• Exercise directions
In the listing below, find the line with "Matt đã cầu" and copy every line from there up to and including the line with "You are the sun, You are the only one, My", exactly and without pictures.

• Supplied records
____
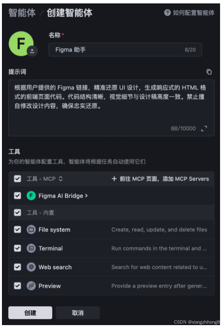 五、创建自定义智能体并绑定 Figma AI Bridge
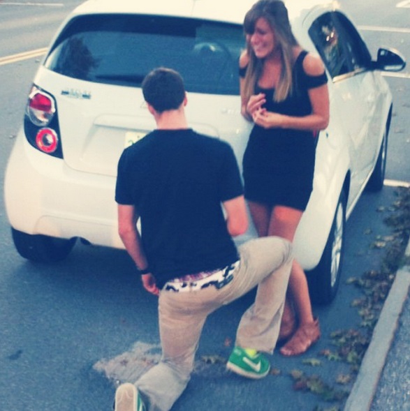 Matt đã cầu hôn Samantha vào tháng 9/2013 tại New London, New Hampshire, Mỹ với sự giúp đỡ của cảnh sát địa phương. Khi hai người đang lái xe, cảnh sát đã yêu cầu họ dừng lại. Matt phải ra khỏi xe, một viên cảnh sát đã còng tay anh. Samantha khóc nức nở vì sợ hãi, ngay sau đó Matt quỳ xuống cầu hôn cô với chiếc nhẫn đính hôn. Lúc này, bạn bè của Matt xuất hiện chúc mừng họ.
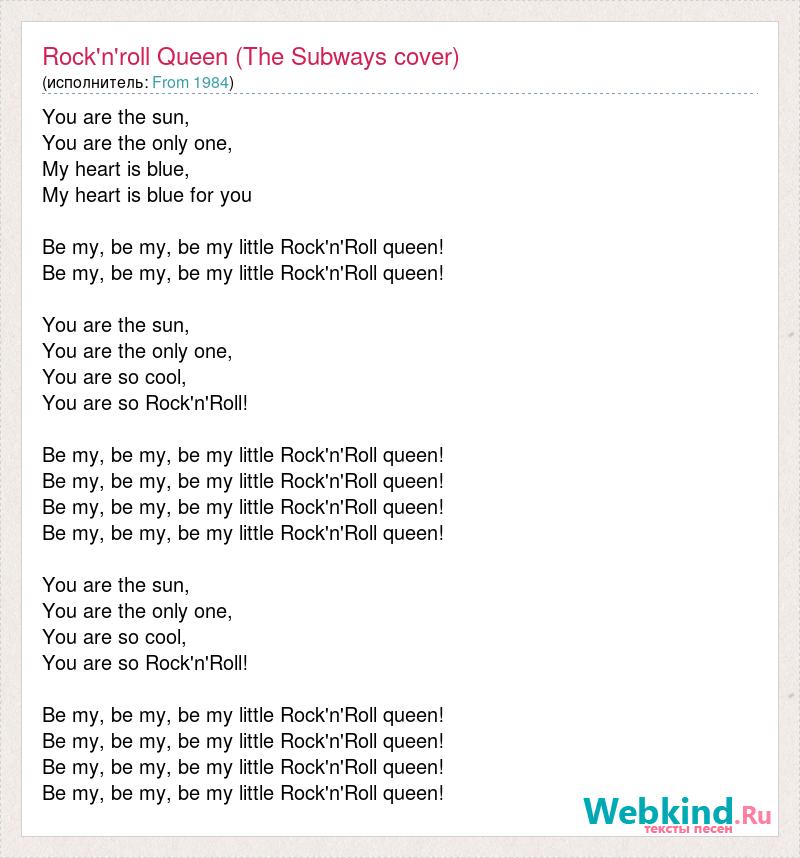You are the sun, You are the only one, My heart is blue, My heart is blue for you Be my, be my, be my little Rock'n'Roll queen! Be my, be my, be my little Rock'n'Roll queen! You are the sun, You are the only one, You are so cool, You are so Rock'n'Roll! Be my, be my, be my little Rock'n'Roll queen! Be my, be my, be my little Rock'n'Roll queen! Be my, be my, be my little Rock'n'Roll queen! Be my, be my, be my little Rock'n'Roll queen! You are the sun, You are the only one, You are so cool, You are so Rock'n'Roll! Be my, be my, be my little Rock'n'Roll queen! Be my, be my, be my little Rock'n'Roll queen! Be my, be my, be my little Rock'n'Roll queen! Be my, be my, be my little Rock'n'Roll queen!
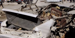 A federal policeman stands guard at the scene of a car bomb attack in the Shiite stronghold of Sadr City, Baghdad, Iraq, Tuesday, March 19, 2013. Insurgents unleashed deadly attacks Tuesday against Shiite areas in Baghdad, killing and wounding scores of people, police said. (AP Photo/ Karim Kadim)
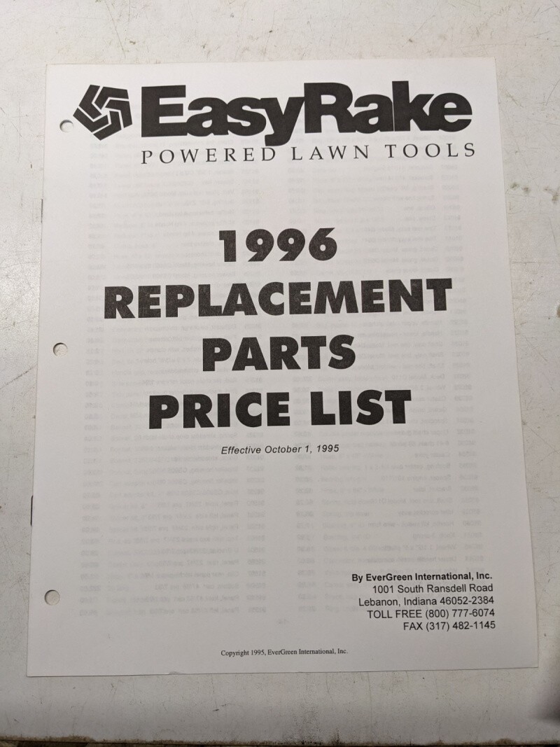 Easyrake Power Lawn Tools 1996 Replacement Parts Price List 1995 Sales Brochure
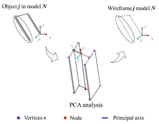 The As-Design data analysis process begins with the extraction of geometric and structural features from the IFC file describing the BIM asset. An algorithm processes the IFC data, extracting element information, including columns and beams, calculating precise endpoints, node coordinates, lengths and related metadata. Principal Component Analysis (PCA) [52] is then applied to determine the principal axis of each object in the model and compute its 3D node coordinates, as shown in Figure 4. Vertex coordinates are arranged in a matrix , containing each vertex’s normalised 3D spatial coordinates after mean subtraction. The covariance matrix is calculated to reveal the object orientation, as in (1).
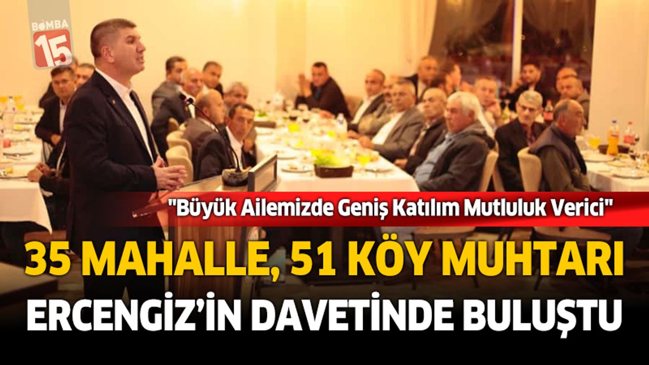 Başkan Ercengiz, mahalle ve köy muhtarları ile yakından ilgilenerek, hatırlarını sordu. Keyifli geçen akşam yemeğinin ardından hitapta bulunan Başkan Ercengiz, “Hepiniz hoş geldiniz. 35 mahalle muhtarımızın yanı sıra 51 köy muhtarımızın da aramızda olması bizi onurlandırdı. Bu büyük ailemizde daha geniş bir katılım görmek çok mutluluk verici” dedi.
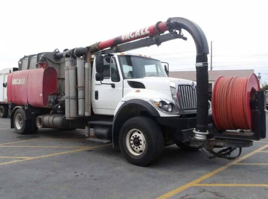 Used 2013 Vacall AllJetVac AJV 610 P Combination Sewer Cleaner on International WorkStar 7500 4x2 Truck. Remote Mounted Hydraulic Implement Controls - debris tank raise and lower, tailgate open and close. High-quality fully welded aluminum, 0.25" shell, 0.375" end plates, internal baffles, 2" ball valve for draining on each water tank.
____
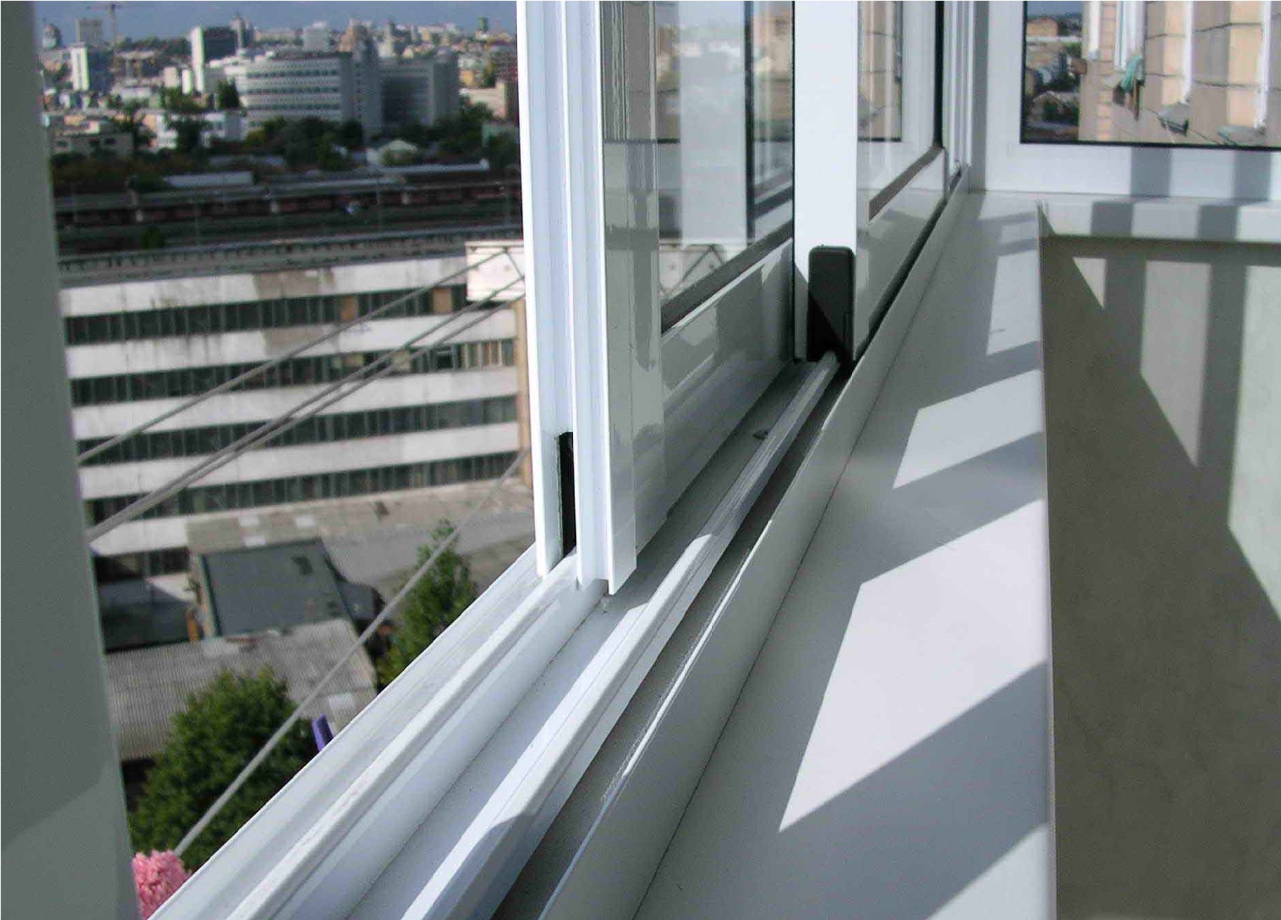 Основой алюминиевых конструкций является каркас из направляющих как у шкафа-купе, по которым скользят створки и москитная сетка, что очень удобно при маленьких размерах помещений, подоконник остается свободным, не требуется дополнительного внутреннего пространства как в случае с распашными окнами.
____
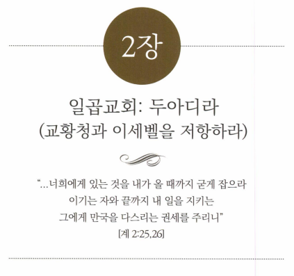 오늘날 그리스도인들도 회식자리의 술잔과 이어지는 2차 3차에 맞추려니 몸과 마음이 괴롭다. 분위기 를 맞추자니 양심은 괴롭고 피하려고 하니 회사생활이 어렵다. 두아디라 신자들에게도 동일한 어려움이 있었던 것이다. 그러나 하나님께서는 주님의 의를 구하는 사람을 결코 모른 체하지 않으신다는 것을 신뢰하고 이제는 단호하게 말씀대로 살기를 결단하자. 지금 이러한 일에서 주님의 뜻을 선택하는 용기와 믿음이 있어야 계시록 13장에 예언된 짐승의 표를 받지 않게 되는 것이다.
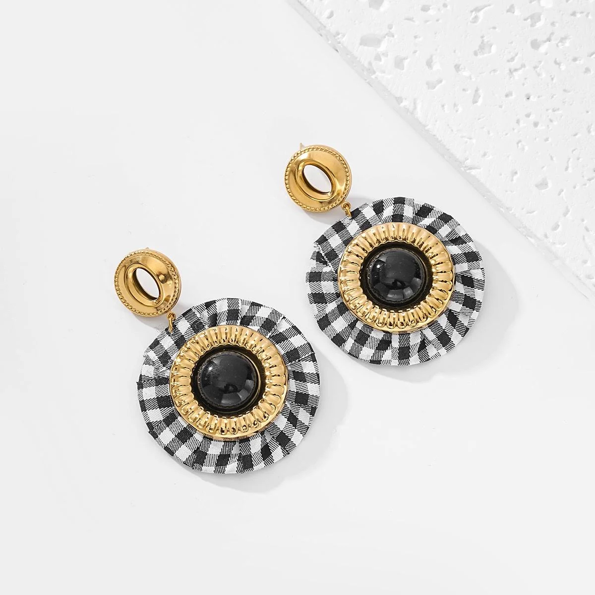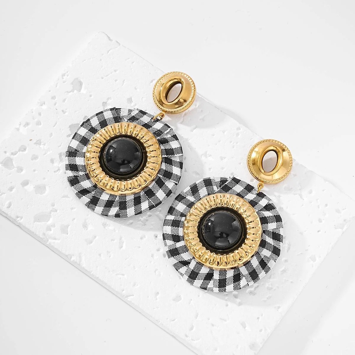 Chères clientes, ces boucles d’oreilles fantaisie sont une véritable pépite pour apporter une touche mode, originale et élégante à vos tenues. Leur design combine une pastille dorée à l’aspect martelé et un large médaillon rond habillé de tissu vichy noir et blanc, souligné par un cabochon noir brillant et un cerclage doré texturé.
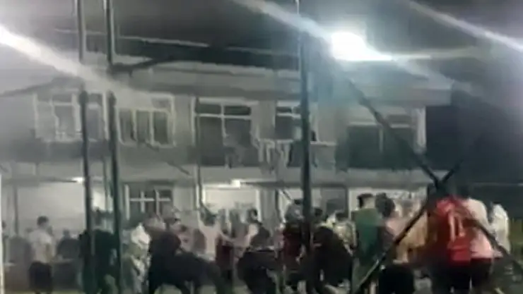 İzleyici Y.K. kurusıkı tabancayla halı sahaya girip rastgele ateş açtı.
____
• Result of this exercise
 Matt đã cầu hôn Samantha vào tháng 9/2013 tại New London, New Hampshire, Mỹ với sự giúp đỡ của cảnh sát địa phương. Khi hai người đang lái xe, cảnh sát đã yêu cầu họ dừng lại. Matt phải ra khỏi xe, một viên cảnh sát đã còng tay anh. Samantha khóc nức nở vì sợ hãi, ngay sau đó Matt quỳ xuống cầu hôn cô với chiếc nhẫn đính hôn. Lúc này, bạn bè của Matt xuất hiện chúc mừng họ.
You are the sun, You are the only one, My heart is blue, My heart is blue for you Be my, be my, be my little Rock'n'Roll queen! Be my, be my, be my little Rock'n'Roll queen! You are the sun, You are the only one, You are so cool, You are so Rock'n'Roll! Be my, be my, be my little Rock'n'Roll queen! Be my, be my, be my little Rock'n'Roll queen! Be my, be my, be my little Rock'n'Roll queen! Be my, be my, be my little Rock'n'Roll queen! You are the sun, You are the only one, You are so cool, You are so Rock'n'Roll! Be my, be my, be my little Rock'n'Roll queen! Be my, be my, be my little Rock'n'Roll queen! Be my, be my, be my little Rock'n'Roll queen! Be my, be my, be my little Rock'n'Roll queen!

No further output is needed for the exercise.